The fat cleaning bot, a lumbering blob composed of several interconnected globules, moved forward. “I am first special agent, Reginald.” Syn almost chuckled again but was able to stifle it. Reginald? The names these bots had chosen were odd. If it noticed her impending laughter, it didn’t show it. Instead, Reginald continued. “Our spies have said that she has discovered a particular weapon hidden far out in the desert, far up the arc. We are planning an expedition as we speak, organizing a brave team that will venture out to recover the weapon before the Crimson Queen can. Perhaps, if we acquire it, we can hope to strike at the disease that is the great city of Zondon Almighty. It is Zondon Almighty that has blackened our world, that has set it afire.” The cleaning bot’s voice grew angry and animated. “It is Zondon Almighty that has killed our brethren. It is Zondon Almighty which set fire to the land itself. It is Zondon that has spit in the face of God herself. Zondon that has dragged us away from Eden. They have brought in the dark clouds and work to destroy the sun. If we are to live free, it is now that we must strike back!”
A murmur of agreement, strange and cadenced, echoed around her. She tried to pick through and see similar robots that she might have known, and while some of the shapes were familiar—she could ascertain their function from their shape—the room was still in shadows and only rough silhouettes could be seen.
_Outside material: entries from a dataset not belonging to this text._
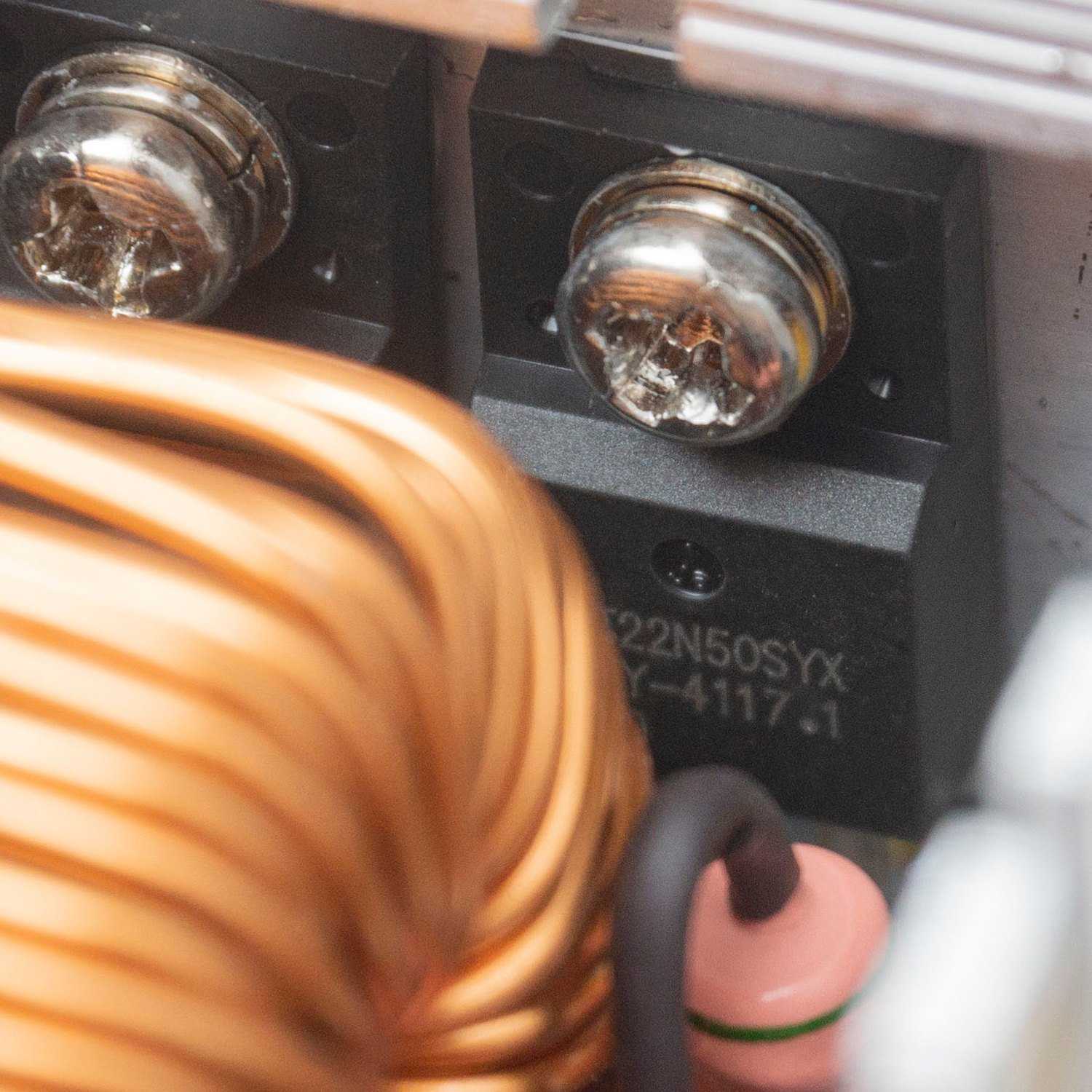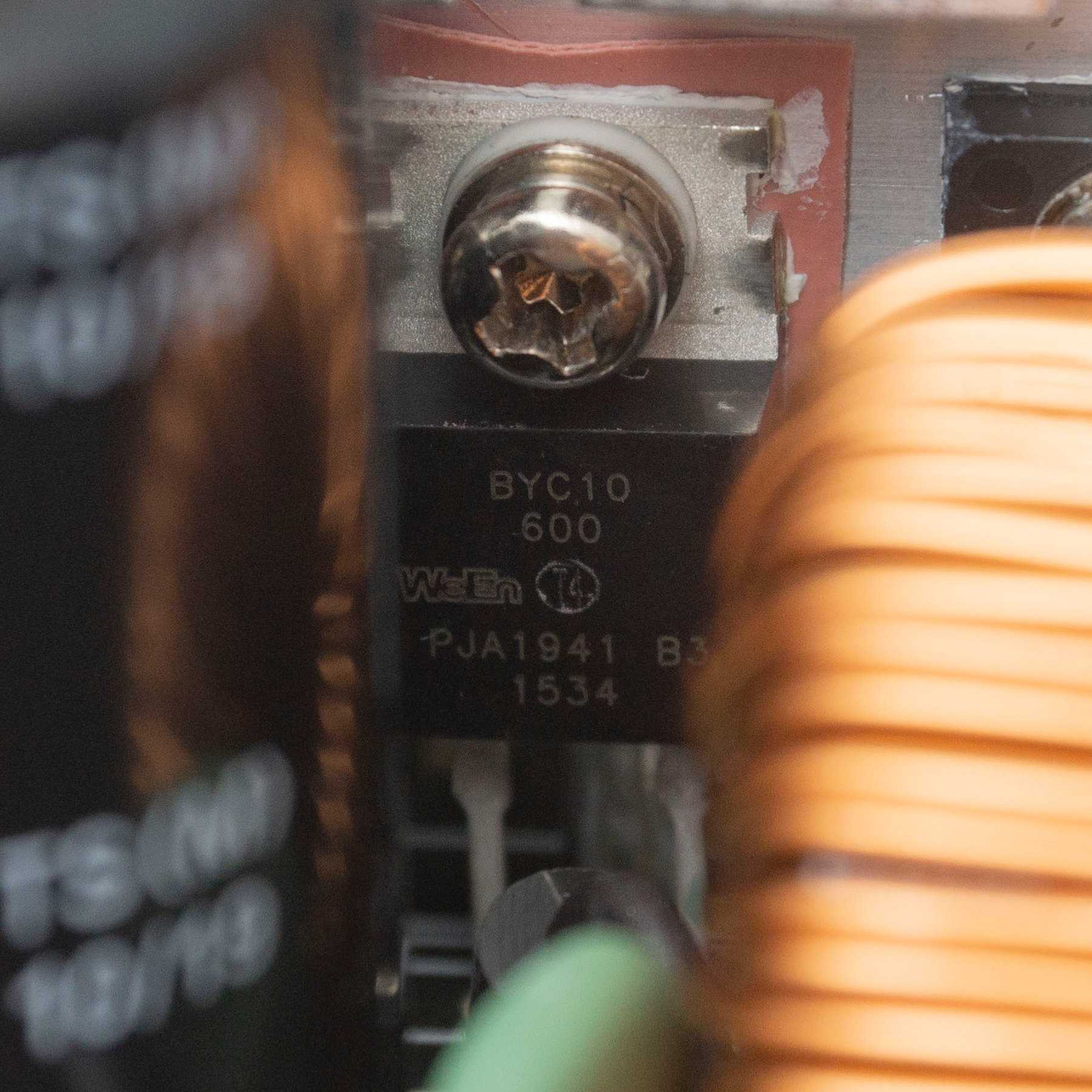 Далее находится массивный дроссель APFC, расположенный перпендикулярно радиатору, охлаждающему силовые элементы корректора и ключи первичного преобразователя – диод WeEn Semiconductors BYC10600, рассчитанный на 600 В и 10 А, и четыре транзистора 22N50 по 500 В, 22 А.
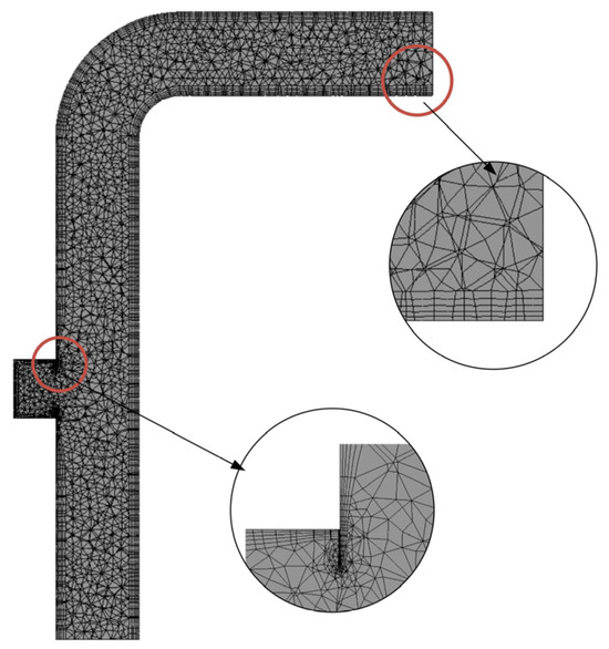 The cotton pipeline model was imported into Ansys Geometry and the fluid domain was delineated. Considering the shape and size of the model, the Proximity and Curvature function was used to mesh the model in Ansys Mesh, the Num Cells Across Gap was determined to be 8 layers, and the Curvature Normal Angle was determined to be 15°. Considering the boundary layer effect, the mesh near the pipe wall was encrypted in the thickness direction, Maximum Layers was set to 5 in Inflation, Growth Rate was set to 1.2, and Smooth Transition was selected in the Inflation Option to ensure a smooth transition of the mesh encryption; the mesh was divided as shown in Figure 6. As shown in Figure 6, the total number of meshes was 130,119, and the average value of Orthogonal Quality was 0.7136, which is more significant than 0.5, indicating that the quality of mesh division meets the requirements.
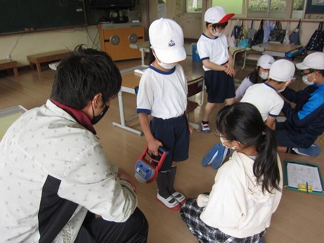 握力です。1年生も一生懸命力を込めています。

Behind her, the Barlgharel spoke, surprising her, “They mean to go to war. I think it’s foolish. What do you think, Sunflier?” She had last seen him on the far side of the assembly. Sewer-bots were by nature loud and noticeable. This one was anything but.
She leaned back, nervous that her voice would carry. She waited for the speaker to continue with his oration, and then she whispered back, “I don’t know anything about war.”